A new year may also mean a new fiscal year and, if you have a bad habit of not logging the mileage you drive for work, there are apps for that. Whether you’re self-employed, a small business owner or corporate employee, these apps can keep close tabs on all your mileage for tax and business purposes.
Free for Lite version, $2.99 for Full version
Available at: Apple App Store, Google Play, Windows Marketplace
What this app lacks in aesthetics, it makes up for in execution. It lets you input everything from rate per kilometre, the purpose of a trip, which car you’re driving and other expenses that include gas, parking, tolls or valet, for example.
You can manually tap in the odometer reading yourself, or have the app use your phone’s GPS to measure the distance for you and tally up the amount per kilometre based on your rate. If you tend to drive a certain route often, you can save it as a trip, where the origin, destination and purpose are left intact, along with other details. What’s especially convenient is that trips can be exported as reports in either HTML, CSV or both.

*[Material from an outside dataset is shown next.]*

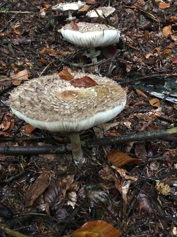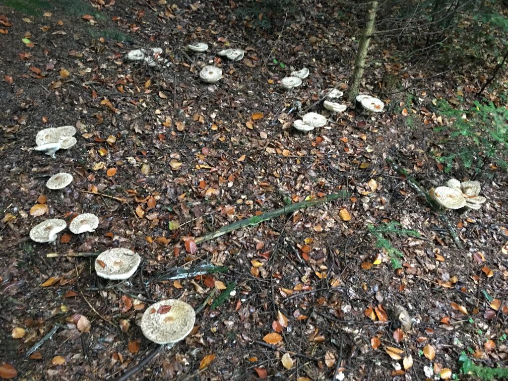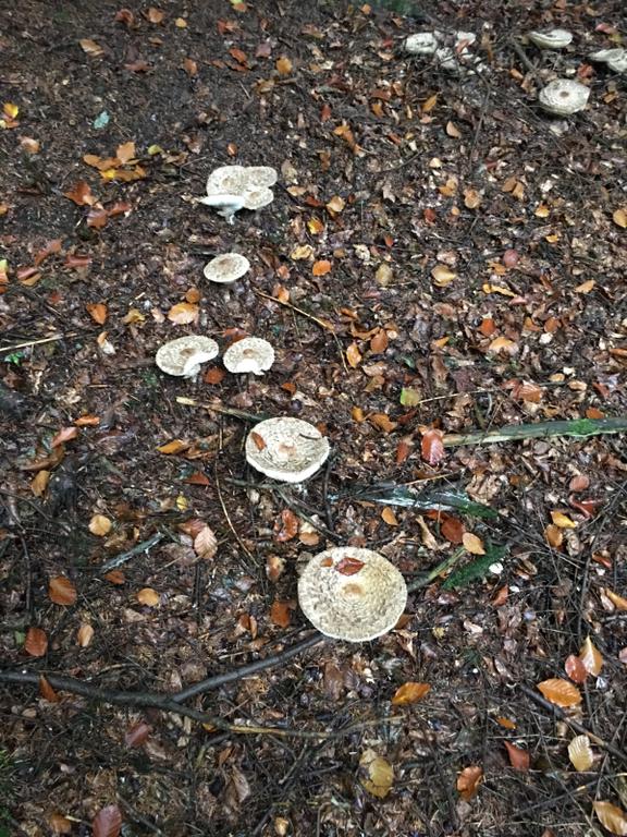 Safranschirmling, Macrolepiota rhacodes (Chlorophyllum rachodes) und nichts anderes!! M. rickenii gleicht einem kleinen Parasol und hat einen genatterten Stiel. Auch die Hutschuppung stimmt nicht für M. rickenii!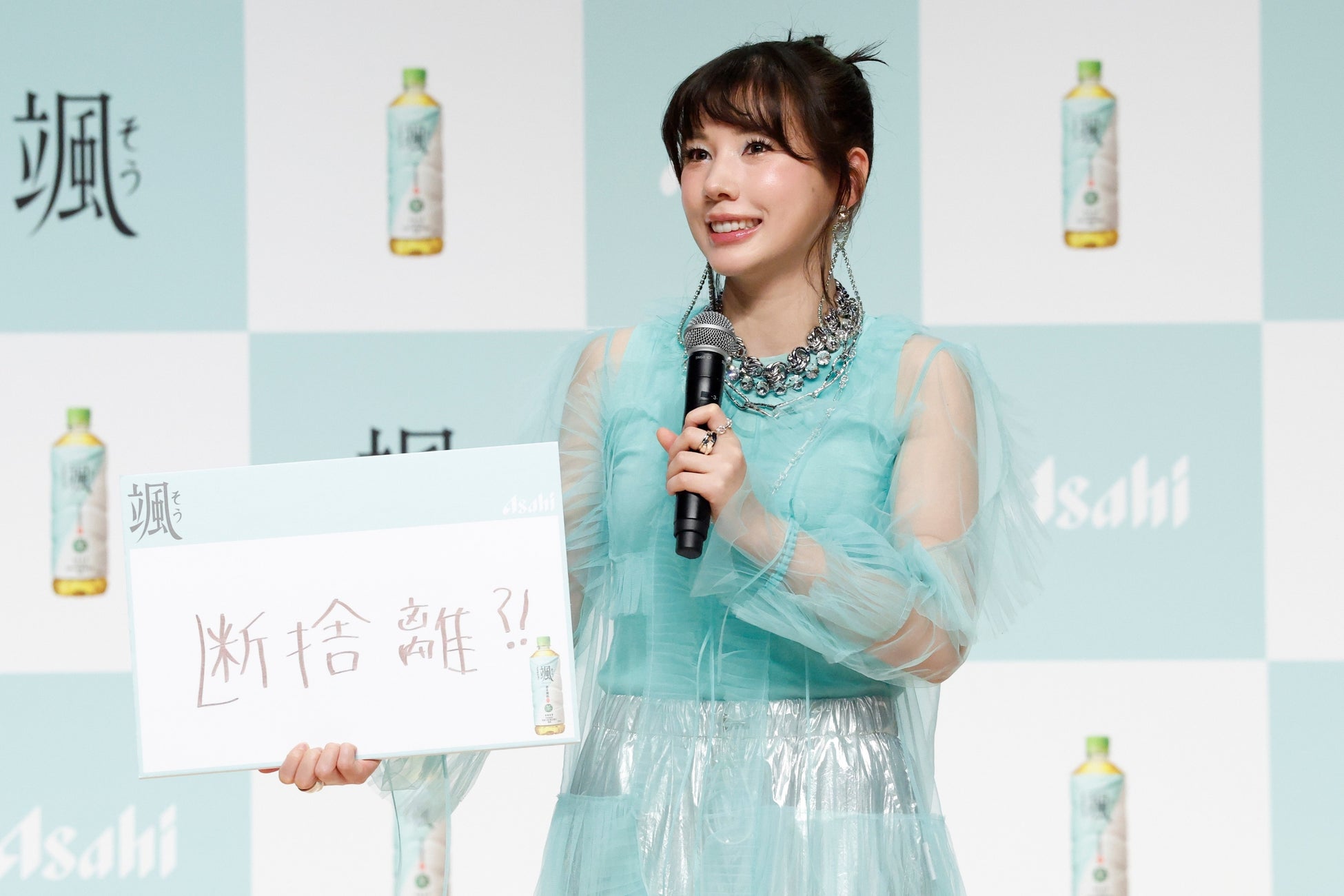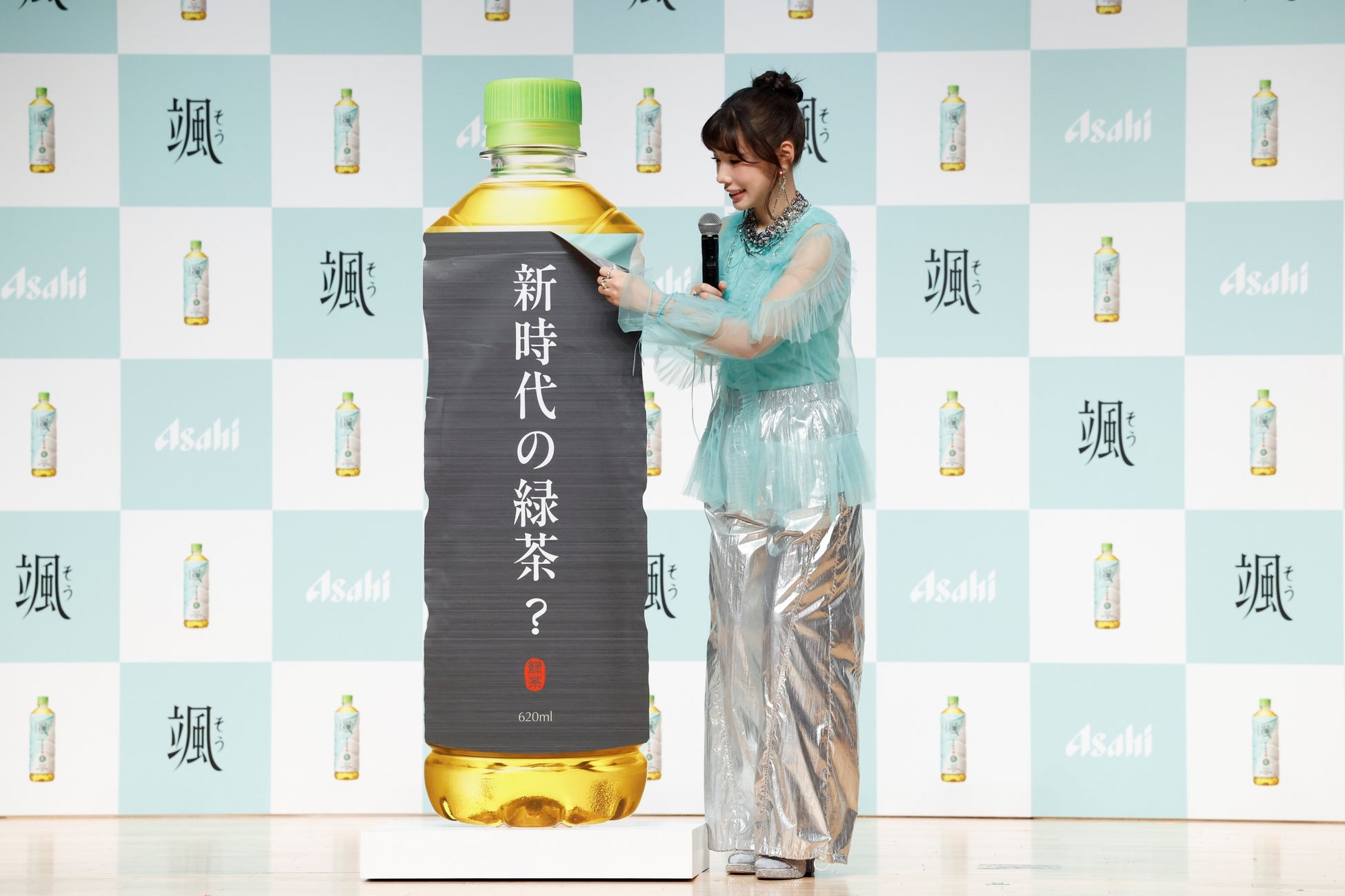 仲里依紗さん、登壇!巨大ボトルをアンベール!新時代の緑茶 『アサヒ 颯』 新CM発表会 開催

There are some gaping holes to consider, depending on the version you use. While Dropbox support was added to the Windows version, it was at the expense of SkyDrive integration. The Android version still doesn’t offer GPS, and the iOS version doesn’t sync with any cloud-based service. Reports can only be exported via syncing with iTunes or through e-mail.
Free, $5.99 for Pro Unlocker version
Available at: Google Play
This app uses a decent interface and is loaded with a number of inclusive features that would benefit not only a road warrior, but also someone managing more than one vehicle.
Where aCar scores extra points is in how it integrates a vehicle’s maintenance into the bigger expense picture. And it can do it in a way that’s more automatic than the manual process required with MileBug, which doesn’t have anything specific for service at a garage or dealership. There’s even a section for expensing parts. Importing and exporting records could be a little smoother, but there are workarounds that are easy to figure out, if you need them.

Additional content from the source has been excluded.